* **ABOUT THIS EXERCISE**
In your copy of the listing below, reproduce each word exactly and include no pictures.

* **INFORMATION SUPPLIED**
= = = = = = =
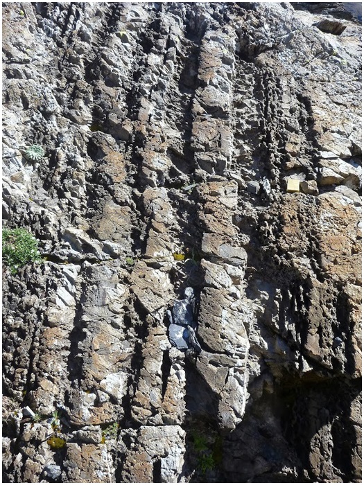 par la falaise nord dont les couches colorées (ampélite
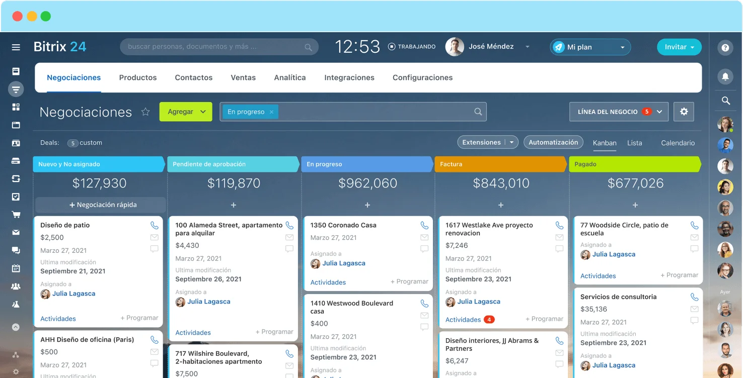 Una característica destacada de Bitrix24 es su capacidad para unificar la comunicación con los clientes en un solo sistema. Los equipos de ventas pueden utilizar diferentes canales de comunicación, como correo electrónico, chat en vivo y llamadas telefónicas, para interactuar con los clientes de manera rápida y eficiente. Además, Bitrix24 ofrece la integración con WhatsApp, la plataforma de mensajería instantánea más popular del mundo, lo que permite una comunicación aún más efectiva y versátil.
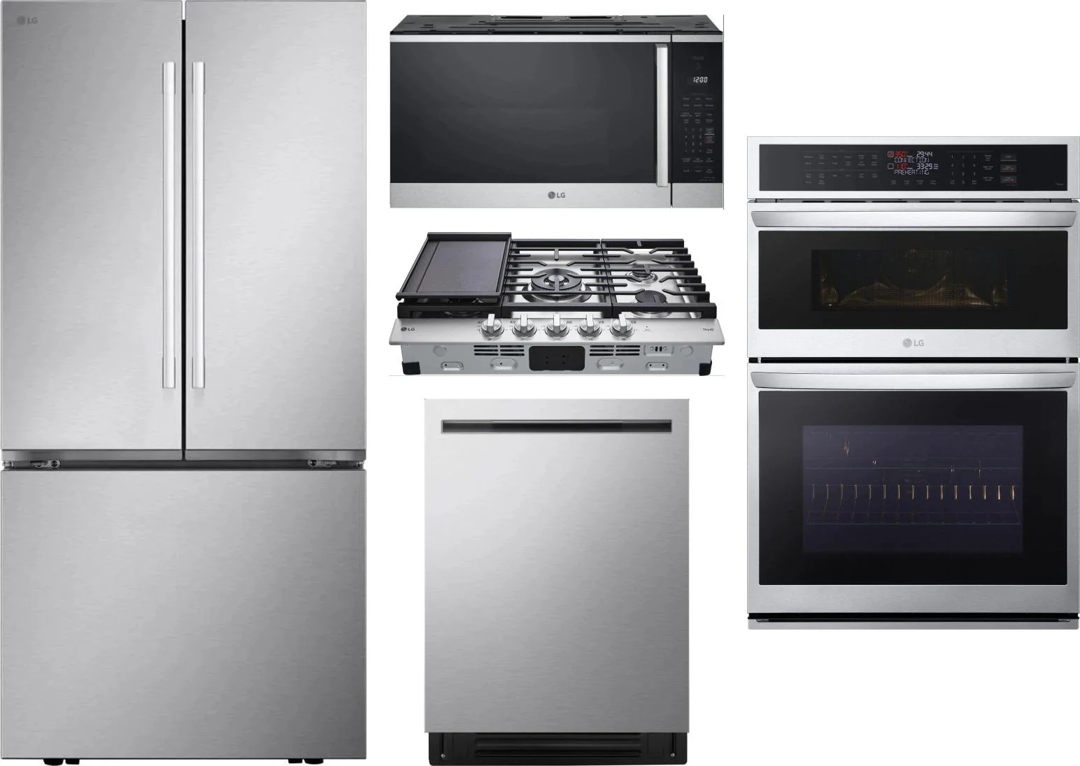 LG 5 Piece Package Includes Refrigerator, Cooktop, Wall Oven, Microwave And Dishwasher in Stainless Steel
= = = = = = =
* **COMPLETED TASK**
 par la falaise nord dont les couches colorées (ampélite
 Una característica destacada de Bitrix24 es su capacidad para unificar la comunicación con los clientes en un solo sistema. Los equipos de ventas pueden utilizar diferentes canales de comunicación, como correo electrónico, chat en vivo y llamadas telefónicas, para interactuar con los clientes de manera rápida y eficiente. Además, Bitrix24 ofrece la integración con WhatsApp, la plataforma de mensajería instantánea más popular del mundo, lo que permite una comunicación aún más efectiva y versátil.
 LG 5 Piece Package Includes Refrigerator, Cooktop, Wall Oven, Microwave And Dishwasher in Stainless Steel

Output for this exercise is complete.